I'd like the entries that follow repeated exactly, with the pictures left out.

─── EXERCISE DATA ───

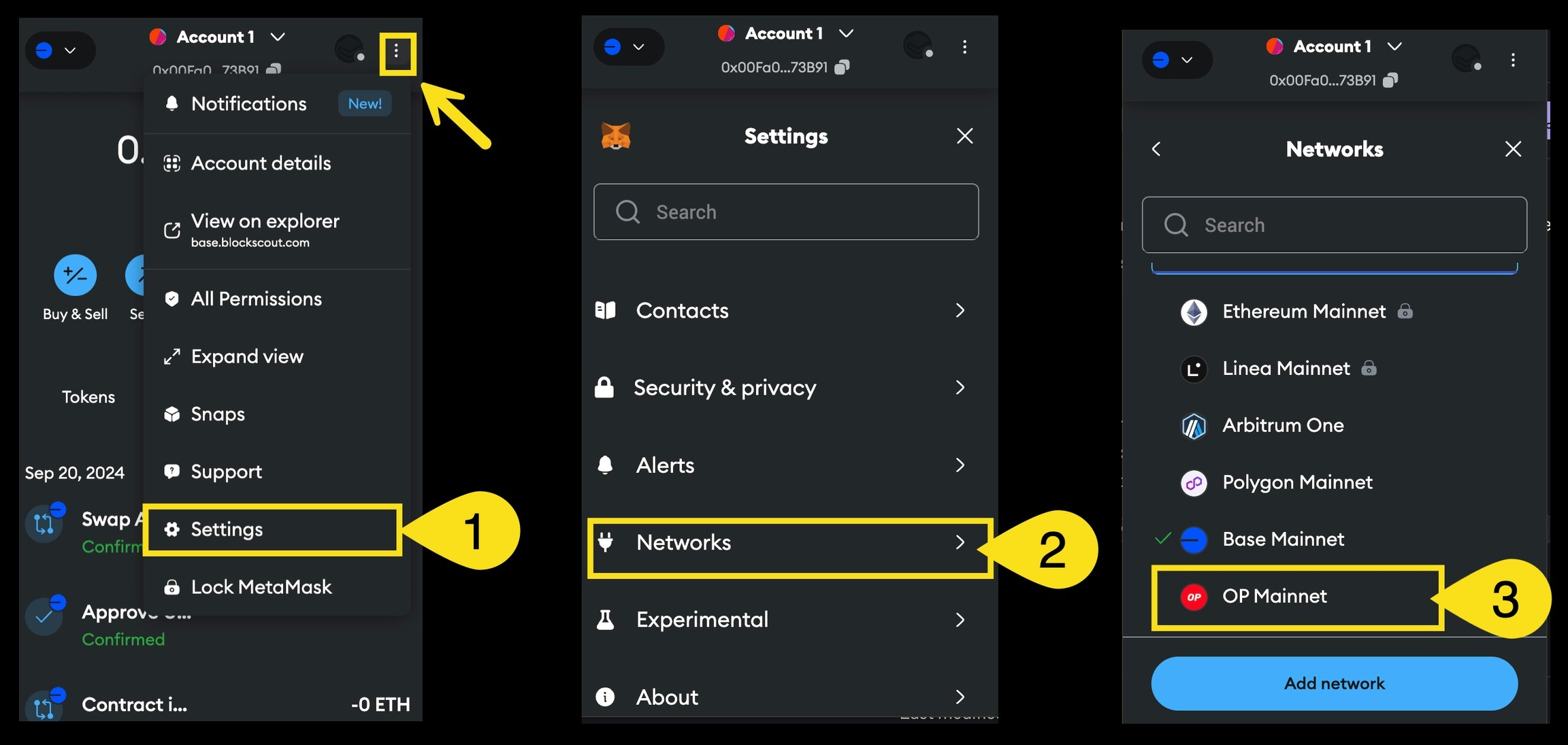 Every wallet handles the explorer link differently, but typically wallets ship with Etherscan links by default. To change, simply go to settings and replace the Etherscan link with the Blockscout one. Here’s how you do it in MetaMask.- Open MetaMask, click the dots to open the menu, and select Settings
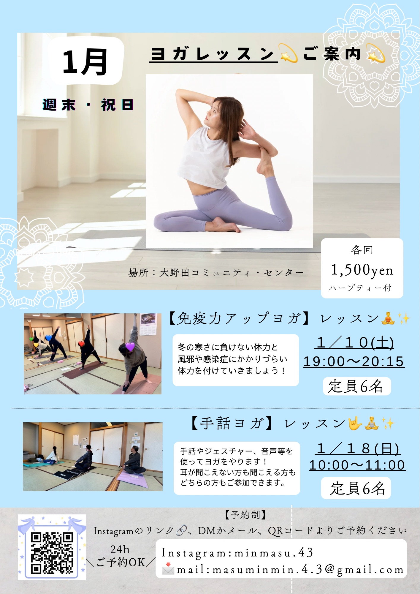 寒い冬だからこそ、ヨガで呼吸をたくさんして、自律神経を整え、身体を温めて免疫力をアップさせていきましょう!
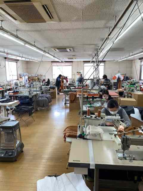 型入→生地裁断→接着→縫製→縫製→中間プレス→検査→出荷
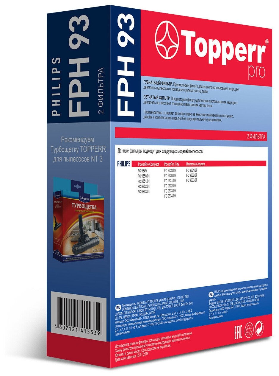 Набор фильтров Topperr FPH 93 для пылесосов Philips, 2 шт. Topperr 4497094
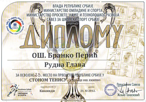 Републичко екипно такмичење у стоном тенису за ученике основних школа одржано је 21.11.2012. године у Кикинди. На овом такмичењу учествовали су и ученици наше школе.
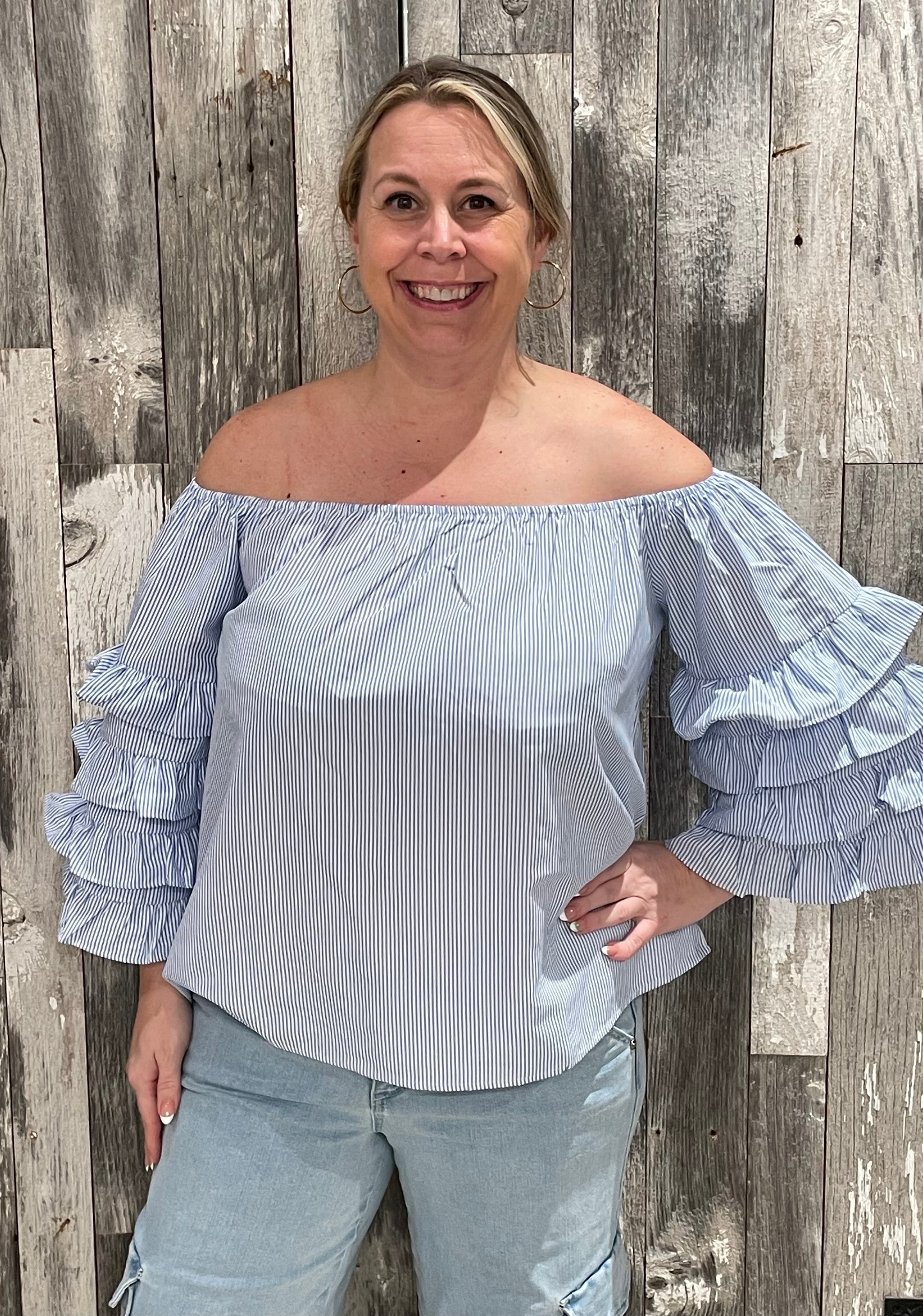 *Final Sale* Off The Shoulder Stripe Print Woven Top

───

§ ANSWER BOX
 Every wallet handles the explorer link differently, but typically wallets ship with Etherscan links by default. To change, simply go to settings and replace the Etherscan link with the Blockscout one. Here’s how you do it in MetaMask.- Open MetaMask, click the dots to open the menu, and select Settings
 寒い冬だからこそ、ヨガで呼吸をたくさんして、自律神経を整え、身体を温めて免疫力をアップさせていきましょう!
 型入→生地裁断→接着→縫製→縫製→中間プレス→検査→出荷
 Набор фильтров Topperr FPH 93 для пылесосов Philips, 2 шт. Topperr 4497094
 Републичко екипно такмичење у стоном тенису за ученике основних школа одржано је 21.11.2012. године у Кикинди. На овом такмичењу учествовали су и ученици наше школе.
 *Final Sale* Off The Shoulder Stripe Print Woven Top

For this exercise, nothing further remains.